Sommaire
- Les pays dirigés par un homme comptent deux fois plus de victimes du coronavirus
- La Belgique semble être l’exception qui confirme la règle
- Les Premières ministres ont mis en place le confinement plus rapidement et communiquent mieux
- Elles sont plus prudentes en matière de santé et moins réceptives aux risques économiques
Deux professeurs britanniques ont examiné si les pays dirigés par une femme sont plus efficaces dans la lutte contre la pandémie. Ils ont comparé les chiffres du coronavirus pour la période comprise entre la mi-février et le 19 mai 2020. Les chercheurs ont émis certaines réserves préalables. L’étude porte sur les premiers mois de la pandémie. Les données ne sont pas toujours très fiables, notamment par manque de tests. De plus, tous les pays ne comptabilisent pas les victimes du coronavirus de la même manière.
Curieusement, la Belgique n’est pas reprise dans l’étude. Nous ne pouvons que spéculer sur les raisons de la surmortalité du coronavirus dans notre pays dirigé par une Première ministre. Sommes-nous l’exception qui confirme la règle ?
Les pays dirigés par un homme déplorent proportionnellement deux fois plus de victimes du coronavirus que les pays avec une Première ministre.
Le bénéfice du confinement
Dans le reste du monde, la situation est tout autre que dans notre pays. Seuls 19 pays sont dirigés par une femme contre 174 par un homme. Les pays dirigés par un homme déplorent proportionnellement deux fois plus de victimes du coronavirus que les pays avec une Première ministre. Ces derniers comptent aussi moins de malades diagnostiqués.
Globalement, les pays dirigés par une femme ont annoncé un confinement total plus rapidement que leurs voisins. C’est sans doute la principale raison qui explique le nombre réduit de victimes.
Risque sanitaire vs risque économique
Le fait que les dirigeantes ont confiné plus rapidement la population est probablement lié à la plus grande aversion au risque des femmes. Mais à ce niveau, il est important de distinguer les risques. Annoncer un confinement permet de limiter fortement l’exposition des gens au virus. En matière de santé, on peut donc parler d’aversion au risque. Leur but était de réduire l’impact sanitaire de la pandémie.
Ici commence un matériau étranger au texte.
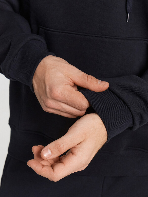 Мужское худи станет неотъемлемой частью вашего гардероба благодаря сочетанию стиля и комфорта. Капюшон на кулиске обеспечивает дополнительное удобство и защиту от ветра, а длинные рукава с эластичными манжетами из рибаны удерживают тепло и создают уютные ощущения. Спущенная линия плеча придает изделию расслабленный и современный вид. Накладной карман кенгуру добавляет функциональности, позволяя носить с собой необходимые мелочи. Худи, изготовленное из футера с подчесом, отличается мягкостью и теплотой, обеспечивая комфорт при носке в прохладное время года. Это универсальный элемент гардероба, который легко сочетается с различными предметами одежды, создавая стильные и практичные образы.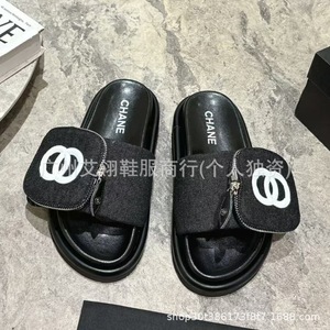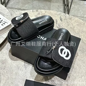 小香风一字拖休闲鞋女外穿网红厚底2025春夏新款沙滩鞋防滑凉拖鞋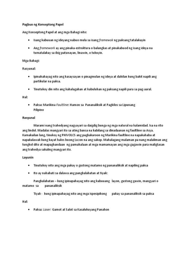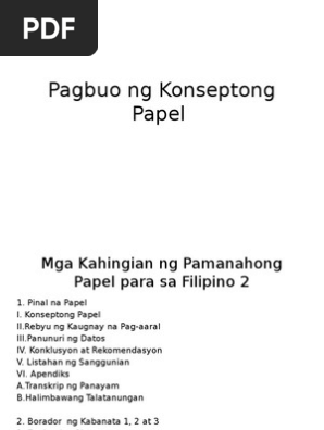 Bago pa man kasi niya gawin ang malalimang pagsisiyasat o pagpapatunay sa pamamagitan ng mga nakalap na ebidensiya ay magkakaroon na siya ng pagkakataong maipakita o mailahad kung ano ang. Nakaugat sa tagumpay ng pananaliksik ang mga simulain at hakbang kaugnay ng pagbuo ng komprehensibo at epektibong konseptong papel. ANG KONSEPTONG PAPEL Mula sa nabuong paksa pahayag ng tesis at balangkas ay maaari na ngayong bumuo ng konseptong papel.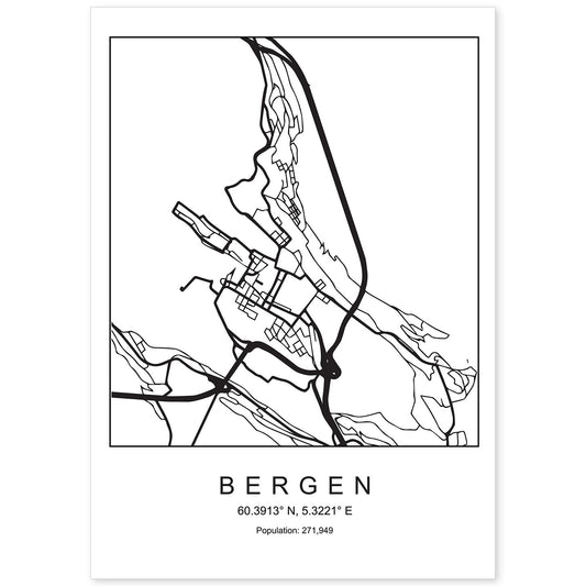 • Lámina mapa de la ciudad Bergen estilo nordico en blanco y negro.-Artwork-Nacnic-Nacnic Estudio SL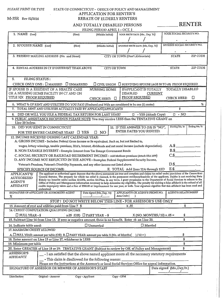 PLEASE PRINT OR TYPE STATE OF CONNECTICUT. OFFICE OF POLICY AND MANAGEMENT APPLICATION FOR RENTER IS REBATE OF ELDERLY RENTERS M35R Rev 0:1/2014 RENTER AND TOTALLY DISABLED PERSONS FILING PERIOD APRIL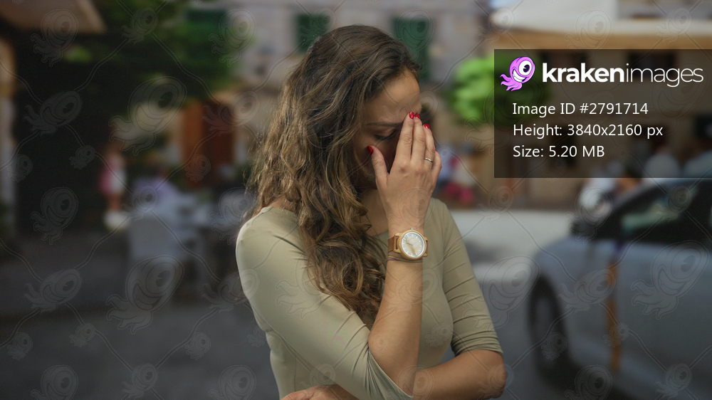 Woman with long hair standing on an urban street outdoors covers face with hand, wearing a watch, looks concerned, with blurred buildings and car in the background. - Kraken Images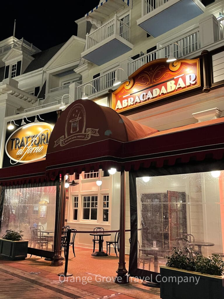 Trattoria al Forno offers outdoor seating, providing a scenic dining experience along the Disney's Boardwalk Inn.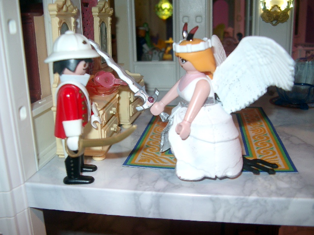 „Hey! Wir haben uns doch auf Frieden geeinigt, also wo ist das Problem wenn ich eine Hälfte des Schlosses bekomme?“ „Vergiss es! Die Antwort lautet immer noch nein! Du denkst doch nicht ernsthaft, wir zwei könnten unter einem Dach leben…“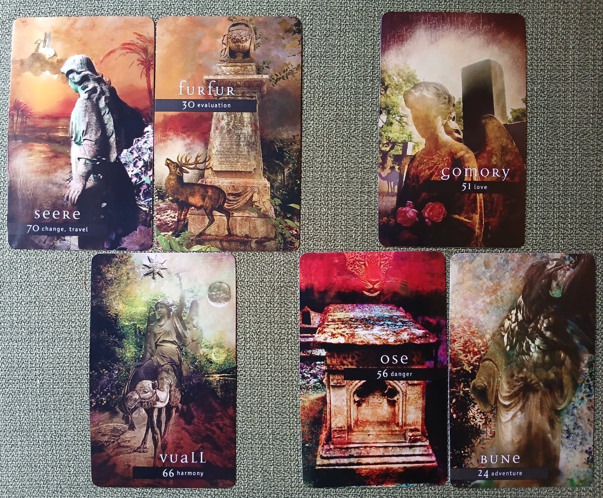 Rachelcat Posted September 16, 2024 Posted September 16, 2024 Hi all! We're back at it again! This week will be Fallen Angel Oracle Cards by Nigel Suckling, CICO Books. It’s a repurchase for me of what I think is a new edition. (1) The artwork of deck I gave away was too green and dark and difficult to see the images. I think this is definitely better. But now I remember the other two reasons I gave it away: 2. It’s based on a different list of demons than the Travis McHenry decks that I’ve been working with, considered more “standard” according to Skinner, The Complete Magician’s Tables. It says this deck is based on the Wierus Rudd 6482 Lemegeton manuscript, and the other decks are based on the Harley 6483 Lemegeton manuscript. They have many of the same demon names and attributes but in a different order, with other differences. 3. There’s a lot of duplication of keywords. I mean, use a thesaurus! There are only 72 cards, there’s no reason to have 5 “Danger” cards. Out of 72 cards, 27 have duplicate keywords. (Yes, I’m obsessive, so see attached list.) But I like the illustrations (looks like moody collages of cemetery photos combined with other art), and I want to like the deck and give it another try. So here we go. I think I’m going to put in the demon descriptions from Complete Magician’s Tables. Because I can. What is your most important characteristic? 66. Vual, harmony Dromedary or man speaking in a bass voice. (I just re-learned what a dromedary is.) Its visuals harmonize (for the most part) with the descriptions and the darkish theme. What is your strength? 30. Fufur, evaluation Hart with fiery tail or form of an angel. (I’m a big Good Omens fan, so enjoying a portrait of Furfur! There are also Shax and Asmoday in this deck, but no Mephistopheles, Beelzebub, Dagon, Hastur, or Ligur. Maybe I’ll use Bael for Beelzebub.) The deck requires taking a closer look at all the demons. Your weakness? 70. Seere, change, travel Beautiful man riding a winged horse. There’s the winged horse, high up in the air! It’s not different enough from the other demon decks. It doesn’t take my studies a step forward. What can you teach me? 24. Bune, adventure Dragon with 3 heads: dog, gryphon, man. Only the gryphon’s head is visible here. The deck can teach me to take risks in my oracle practice and enjoy the detours. How can I learn it? 56. Ose, danger Leopard pretending to be a man. The leopard above a tomb! One of the 5 danger cards. Danger indeed. I can learn to go with the flow by accepting the danger and even enjoying the beauty of it (cat) even though it’s dangerous. What will be the outcome of our work together? 51. Gomory, love Beautiful woman riding a camel with a duchess’s crown. There’s her camel way in the background on the left. A two-camel reading. I’ll move forward to fall in love with the deck after all. How does the song go? “With all your faults, I love you still.” Interesting beginning! We’ll see this week. Fallen Angel Oracle Cards keywords.pdf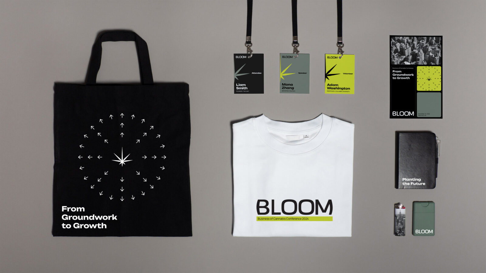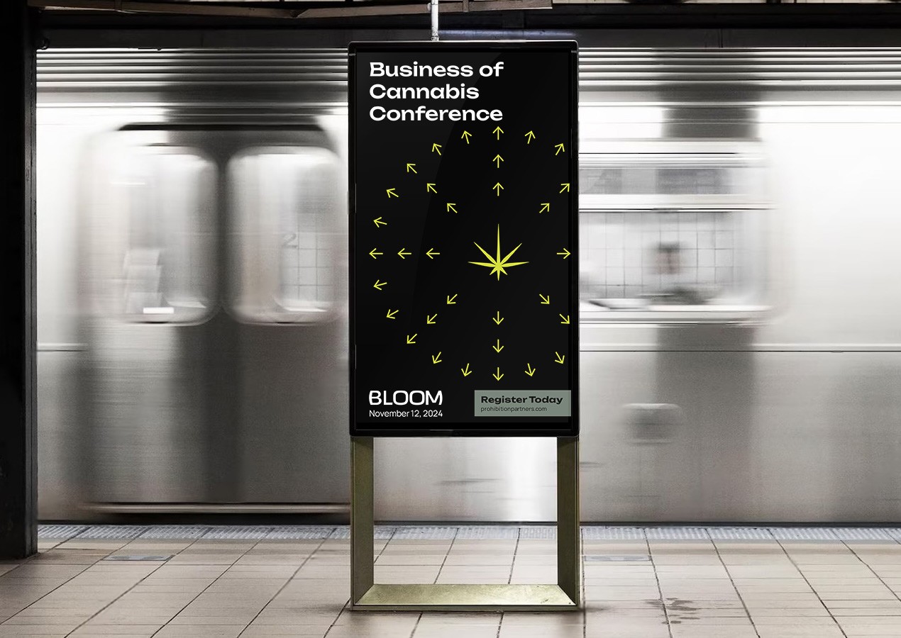 The overall design extends seamlessly into both print and digital applications, including the full redesign of the Business of Cannabis x Prohibition Partners conference website. The new digital experience prioritizes clarity, accessibility, and a polished visual language that aligns with Bloom’s elevated direction. Across layouts, marketing materials, and on-site collateral, the system remains cohesive and adaptable.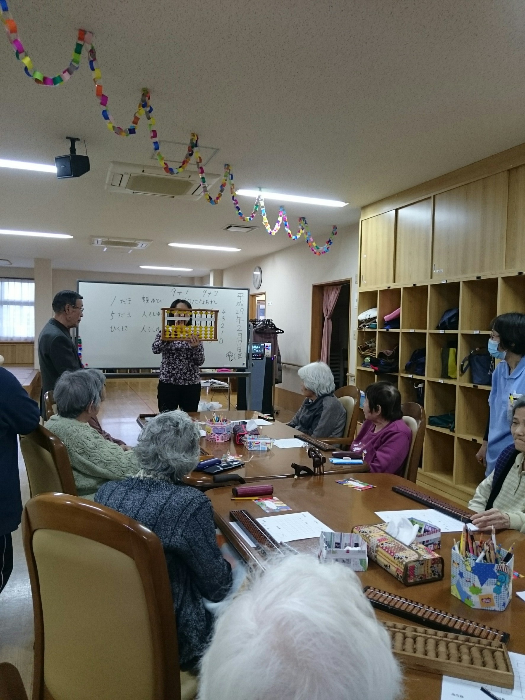 ■プリントにて計算、漢字等書くのが苦手な女性が、そろばんは昔、経理をしていたとの事で、自ら進んでされる。
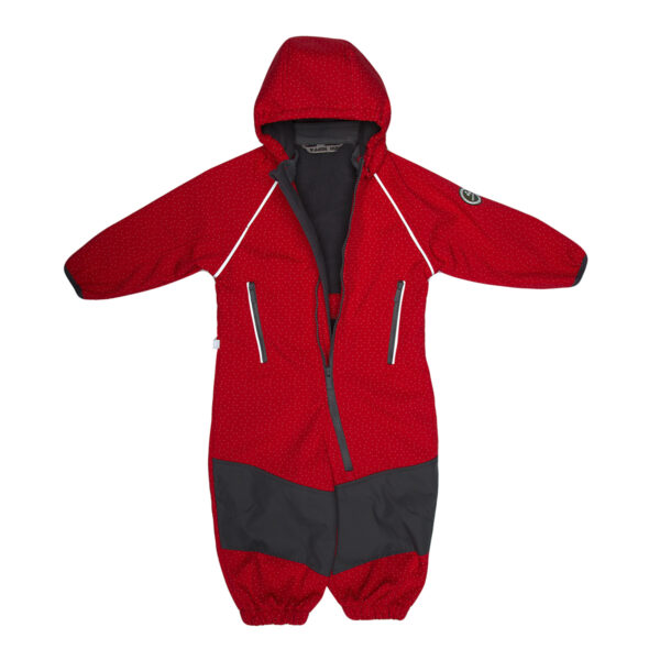 Softshelio vaikiškas kombinezonas dėl savo savybių yra tinkamas įvairiausioms oro sąlygoms. Softshell audinio išorinis sluoksnis – drėgmei atspari medžiaga, kuri yra elastinga ir pasižymi labai geromis atsparumo mechaniniam dilimui savybėmis. Vidurinis Softshell audinio sluoksnis – laminatas, kuris yra atsparus vandeniui ir laidus orui. Unikali medžiaga, kuri sudaryta iš daugybės mikroporų. Šios sandaros dėka, vandens lašai neprasiskverbia per Softshell audinį, o drėgmė (prakaitas) lengvai išgaruoja. Vidinis Softshell audinio sluoksnis – flyso audinys, kuri yra labai minkštas, neerzina odos ir suteikia komforto jausmą. Neperšlampas, nepraleidžiantis vėjo, laidus orui ir ypatingai komfortiškas Softshellio audinio lietpaltis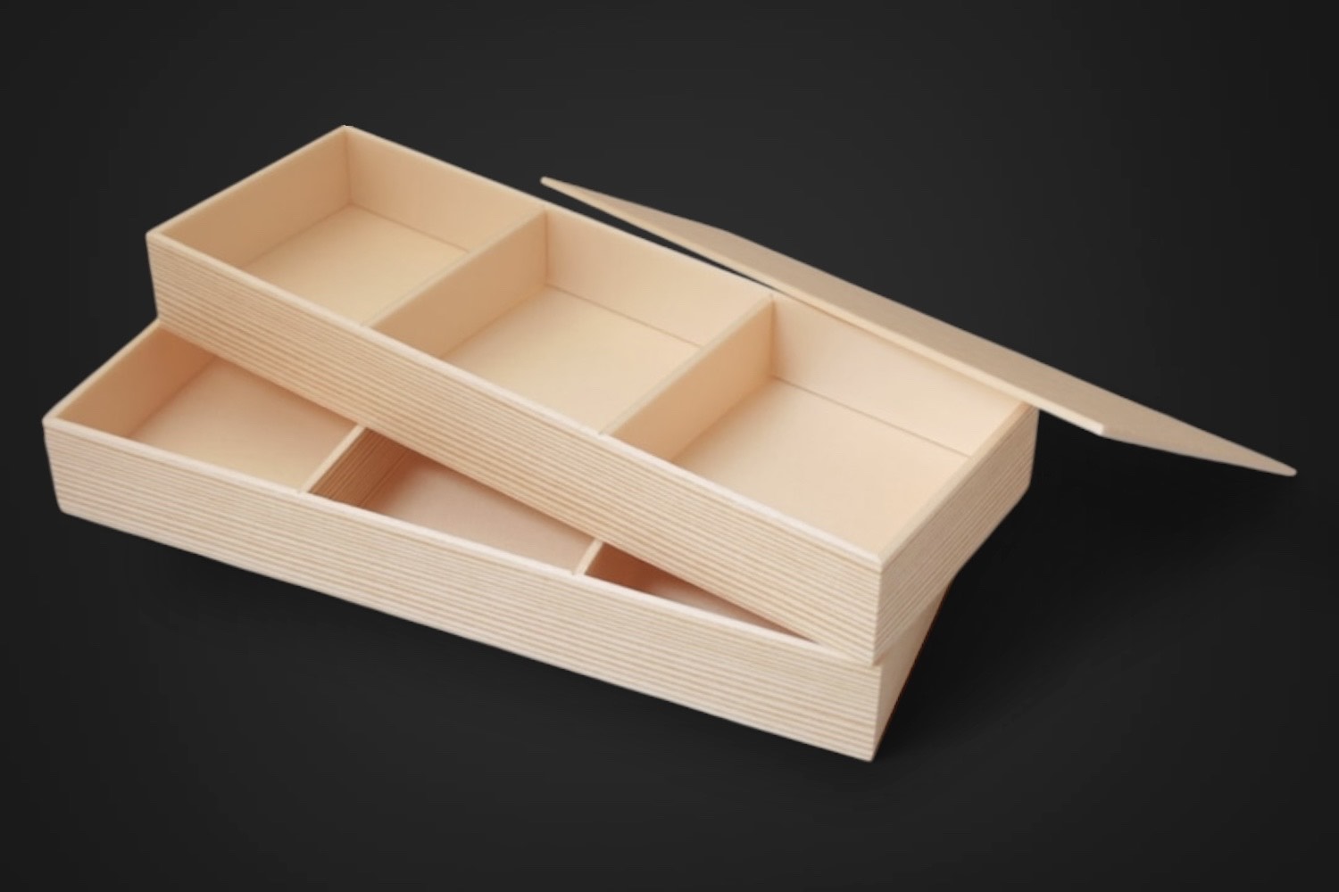 【木目65折 十字仕切・しゃくり蓋・小鉢65X4個付 30入】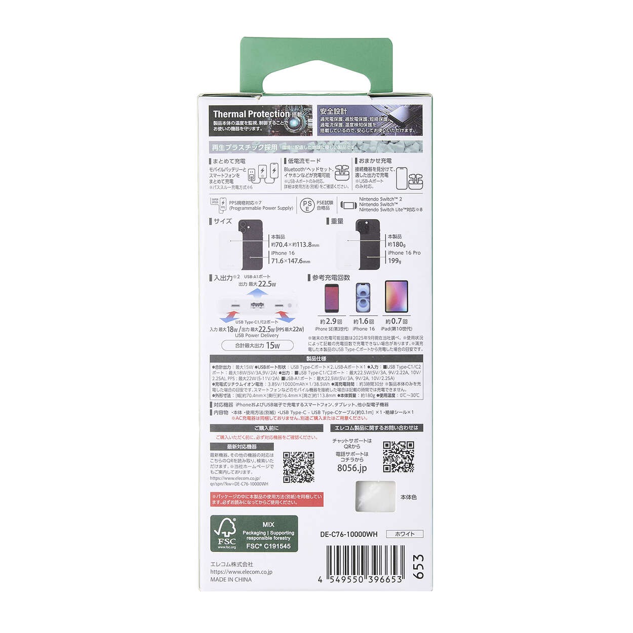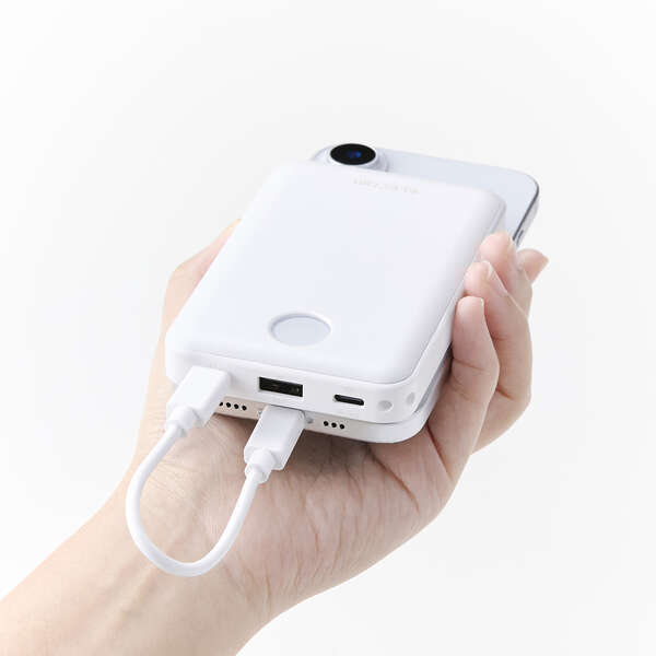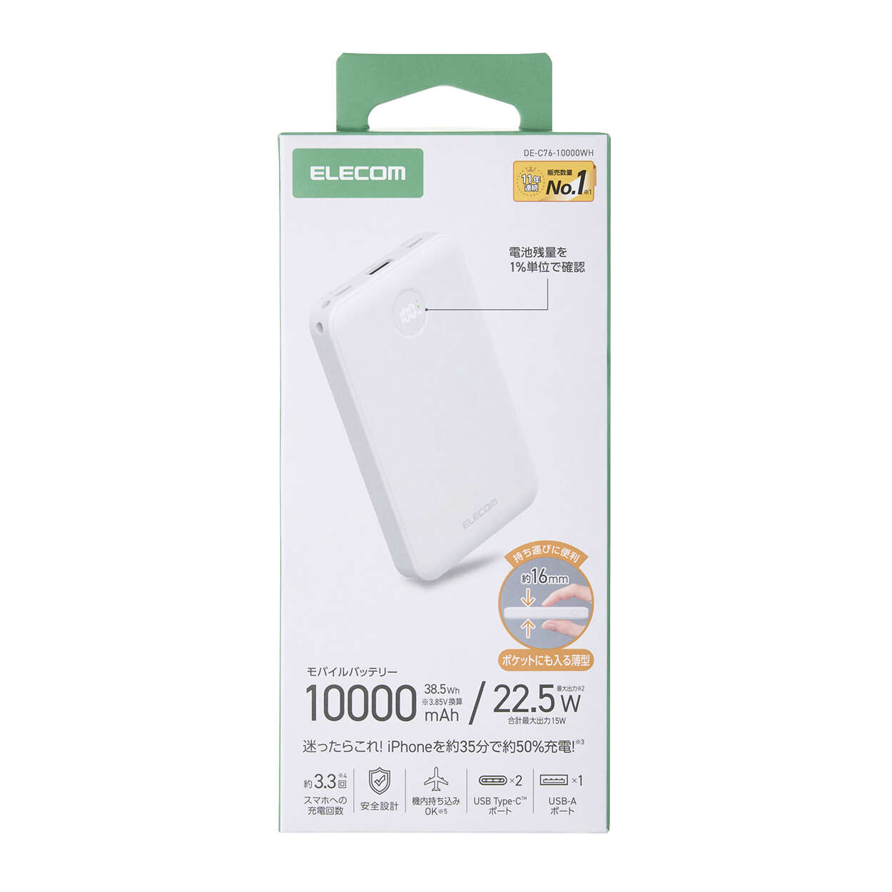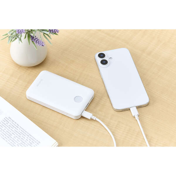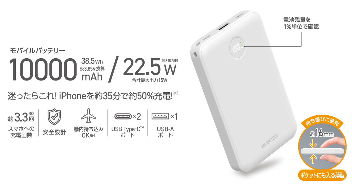厚さ約16mmの手のひらサイズで、持ち運びに便利なモバイルバッテリーです。大容量10000mAhで、外出先でも安心して充電できます。ポーチやポケットにもすっきり収まり、手軽に持ち運び可能です。LEDパネルでバッテリー残量を1%単位で確認しながら使用できます。

Mais un confinement rapide revêt aussi un important risque économique. En d’autres termes, les dirigeantes ne font pas preuve d’aversion au risque en ce qui concerne les conséquences économiques. Les chercheurs expliquent cette différence par le rôle plus important de l’empathie et des émotions dans les prises de décision des femmes.
Les femmes ont un style de communication plus démocratique et participatif.Arne Maes
Style de communication
Une autre explication du meilleur bilan des pays dirigés par une femme est probablement liée au style de communication des femmes. Globalement, les hommes communiquent de façon plus orientée sur les tâches et les femmes, plus interpersonnelle. Les femmes ont un style de communication plus démocratique et participatif. Les études démontrent d’ailleurs que les compétences en matière de communication sont décisives pour qu’une femme soit élue.
Il est évident qu’une bonne communication contribue à une meilleure gestion de la crise. Pour s’en rendre compte, il suffit de comparer la communication de Jacinda Ardern (Nouvelle-Zélande) et Angela Merkel, d’une part, et de Jair Bolsonaro et Donald Trump, de l’autre.